┌──

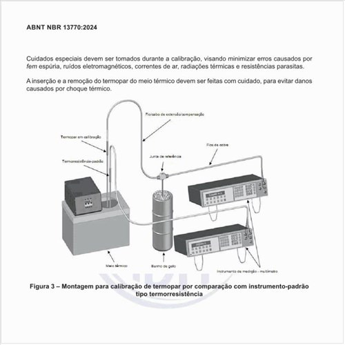 Como deve ser feita a montagem para calibração de termopar por comparação com instrumento-padrão tipo termorresistência?
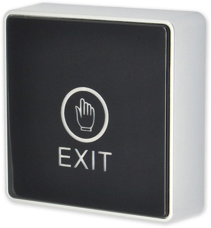 Dotykové odchodové tlačítko s NO/NC kontaktem. Pro funkci vyžaduje napájení, při dotyku prstem na vyznačeném místě je aktivováno relé. Modul je barevně podsvícen pro lepší orientaci ve tmě. Plastové provedení, povrchová montáž.
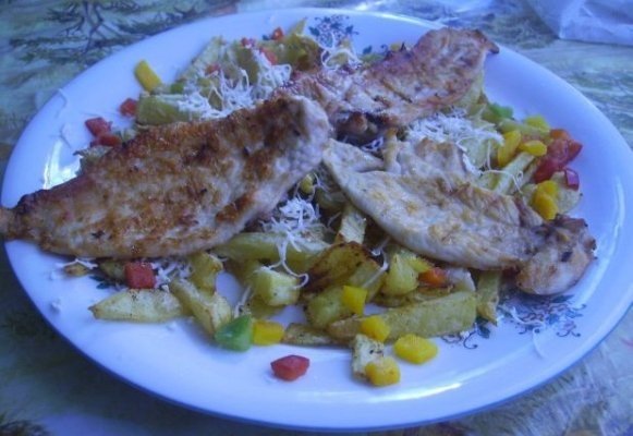 Se trece la aranjarea farfuriei, cartofii prajiti, pieptul de pui deasupra, se pune parmezanul ras deasupra si se pun pe marginea farfuriei garnitura de ardei.
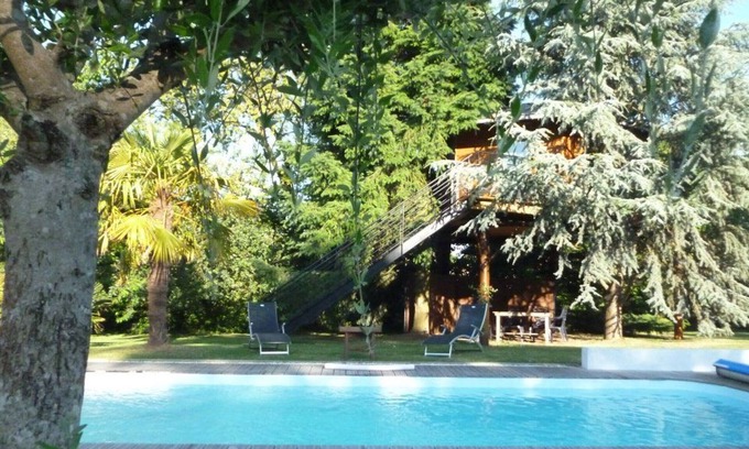 Perched in the trees on stilts, the cabin has a 160x200 bed, private shower room/wc and kitchenette. Equip. extra: Wifi access, hair dryer, TV and home cinema. breakfast basket left in the cabin.
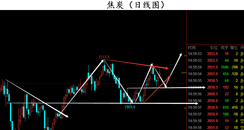 焦炭从年初开始,价格持续走高,创新高2112之后的一波回落1905,这一则区间可作为上涨中转站,当价格再次冲高,不破前高,形成收缩三角形态,日线结构有过虚破2000点重要支撑后再次拉升,且日线企稳2000点上方,焦炭在晚间开盘择机进场多单为方向,目标次高以及破新高,多头趋势,多单可持长线

└──

Retype, exactly and with no pictures, everything above from the line with "Se trece la" down to the line with "Perched in the", both included.

 Se trece la aranjarea farfuriei, cartofii prajiti, pieptul de pui deasupra, se pune parmezanul ras deasupra si se pun pe marginea farfuriei garnitura de ardei.
 Perched in the trees on stilts, the cabin has a 160x200 bed, private shower room/wc and kitchenette. Equip. extra: Wifi access, hair dryer, TV and home cinema. breakfast basket left in the cabin.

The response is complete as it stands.